Improve container image handling
12/31/2022 (Due in 23 days)
We want to improve UX for common workflows like:
- Use Workbench2 (and no shell node) to run a workflow that depends on docker images that are available on dockerhub
- Build an image from a Dockerfile or git repo, and use that image to run Arvados containers without pushing it to dockerhub
- Build an image and share it with other users on your cluster without pushing it to dockerhub
- Share a project that contains a workflow execution plus all of the docker images needed to re-run it even after the referenced images on dockerhub/arvados have been updated or removed
- Improve tagging behavior: Avoid inconvenient/mysterious behaviors (e.g., image collection is visible by two users but only one can use it as an image because the tag link isn't shared) by using collection properties instead of tag links to identify docker images. #19846
- Server-side pull: Workflow runner, when running without access to a local docker daemon (e.g., inside a container submitted by Workbench), can use a container request to pull an externally hosted (dockerhub) image and refer to that image by PDH when executing workflow steps. #11724
- Server-side build: Workflow runner or other client without access to a local docker daemon (or preferring to leave a better provenance trail) can use a container request to build an image from a specified Dockerfile. #13794
- Arvados-hosted image namespace: Each cluster has a "docker images" project.
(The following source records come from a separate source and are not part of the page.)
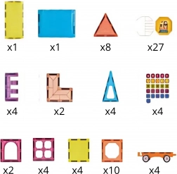 Objavte kreatívny svet magnetického stavania. Farebné dieliky s rôznymi tvarmi a potlačami sa k sebe rýchlo a bezpečne prichytia, takže deti môžu okamžite stavať lokomotívy, vagóniky aj originálne vozidlá. Sada motivuje k tvorivej hre a rozvíja konštrukčné myslenie.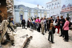 На фото: певец Мустафа Саад, представляющий Египет (третий справа), во время экскурсии в Музее Победы на Поклонной горе. Сергей Савостьянов/фотохост-агентство ТАСС для конкурса «Интервидение»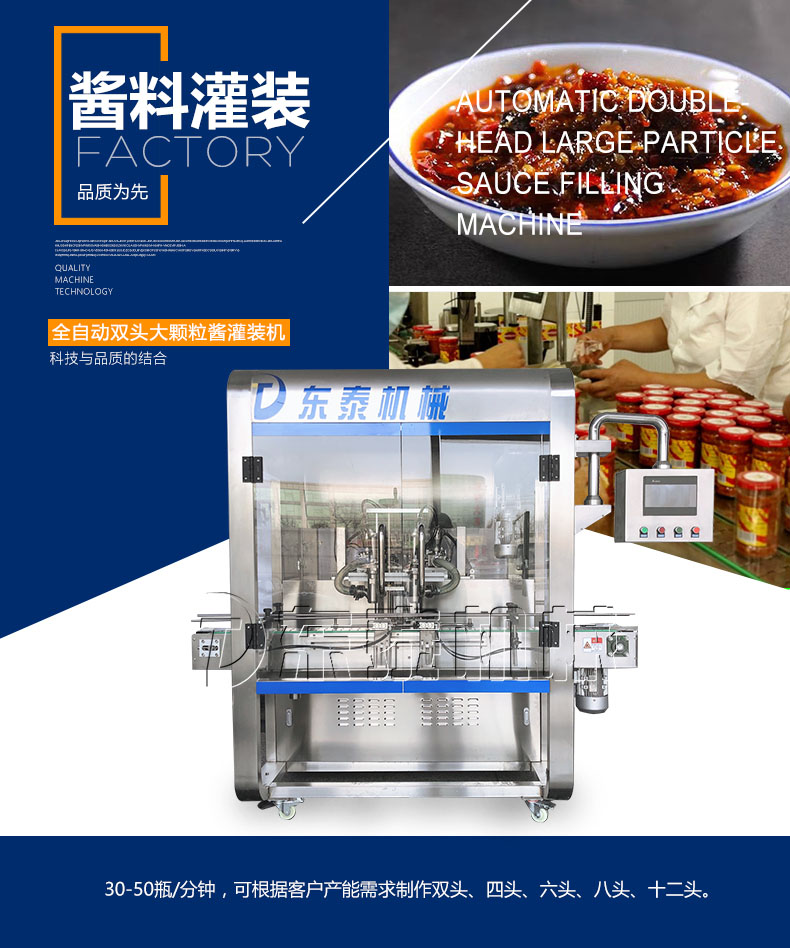 隨著機(jī)械技術(shù)的快速發(fā)展灌裝機(jī)的發(fā)展也是日新月異,使得其種類比較多。蘸醬在我國(guó)擁有悠久的歷史,在我國(guó)烹飪中占有著重要的地位,發(fā)展到現(xiàn)在在做菜和食品中也不可或缺,巨大的市場(chǎng)使得蘸醬灌裝機(jī)擁有巨大的市場(chǎng),醬類廠家在引進(jìn)設(shè)備時(shí)都想采購(gòu)到高效率、適合自己的蘸醬灌裝機(jī)械。人們對(duì)食品要求的提高使得醬類生產(chǎn)廠家迎來(lái)了較大的變格,安全衛(wèi)生是非常重要的標(biāo)準(zhǔn),因此對(duì)蘸醬灌裝機(jī)的選擇也更加的要求嚴(yán)格,許多傳統(tǒng)的機(jī)械已經(jīng)不能滿足企業(yè)高標(biāo)準(zhǔn)、高效率的要求。因此選擇一款適合的蘸醬灌裝機(jī)械產(chǎn)品顯得尤為重要。

Any user with username X can use arv-keepdocker (or a new arvados-client command?) to save docker images in a subproject named X. A container request with container image "arvados:X/Y" will use the image saved in the collection named Y in the subproject named X, subject to usual permissions.
- Implicit pull at runtime: A container request with container image "docker:abc/def" causes Arvados to fetch/update "abc/def" from dockerhub into an arvados collection, and use that collection PDH as the image in the resulting container.